Russia’s oil output rose last month, despite sanctions.

Russia continues to find buyers for its oil despite Western sanctions.

Although production fell immediately after Russia’s invasion of Ukraine, it bottomed out and even rose slightly recently. In May, Russian output of crude oil and related liquids rose marginally, by about 130,000 barrels per day from April to 10.55 million barrels a day, according to the International Energy Agency.

The agency’s monthly oil market report, published on Wednesday, depicts a world of oil-consuming countries in a difficult predicament. The United States, the European Union and other nations want to squeeze Russia, denying it oil and gas revenue to fuel its war in Ukraine.

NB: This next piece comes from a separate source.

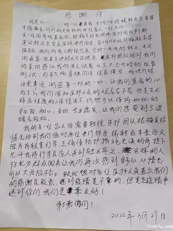 3月29日,taptap网页版登录kino附属同济医院医疗队负责的世博展览中心方舱医院刚刚收治病人的第二天,一位患者就为医疗队送来了感谢信,表扬医生组组长、呼吸与危重症医学科主任医师杨忠民的专业、耐心、细致和亲切,让病人很快走出紧张焦虑、很快适应隔离生活。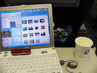 寝ることも無く、飛行中はPCをカタカタと・・・。

So far, this effort seems to be falling short. The agency estimates that Russia earned $20 billion in May from oil sales, a $1.7 billion increase from April, partly driven by high prices.

Global oil prices are already high — with Brent crude futures at about $120 a barrel, almost double from a year ago — and diesel and other refined product prices are even higher, and matters could worsen. If sanctions on Russia tighten, “global oil supply may struggle to keep pace with demand” in 2023, the agency warned.

Overall, Russian output is down 850,000 barrels a day — or about 7.5 percent — compared to before the invasion of Ukraine, but the country’s industry has managed to pump faster than many analysts expected.

India is doing the most to bail out Russia. Moscow exported one million barrels of oil a day to India in April and 900,000 barrels a day in May, a huge increase over the 100,000-barrel-a-day average for 2021. China, traditionally a large buyer of Russian crude, has also purchased more Russian oil, as has Turkey, the agency said.

These increases as well as price hikes are helping to offset a modest fall of half a million barrels a day of Russian oil and oil product exports to the European Union from prewar levels, to 3.4 million barrels a day in May. The United States has also slashed Russian imports.

The Paris-based forecasting group now says it expects that Russian production may decline by nearly three million barrels a day, or by more than 25 percent, by the start of 2023 as the recent embargo imposed by the European Union gradually tightens. This forecast represents a big rollback from last month’s report in which the agency said Russian output could fall by that amount by July.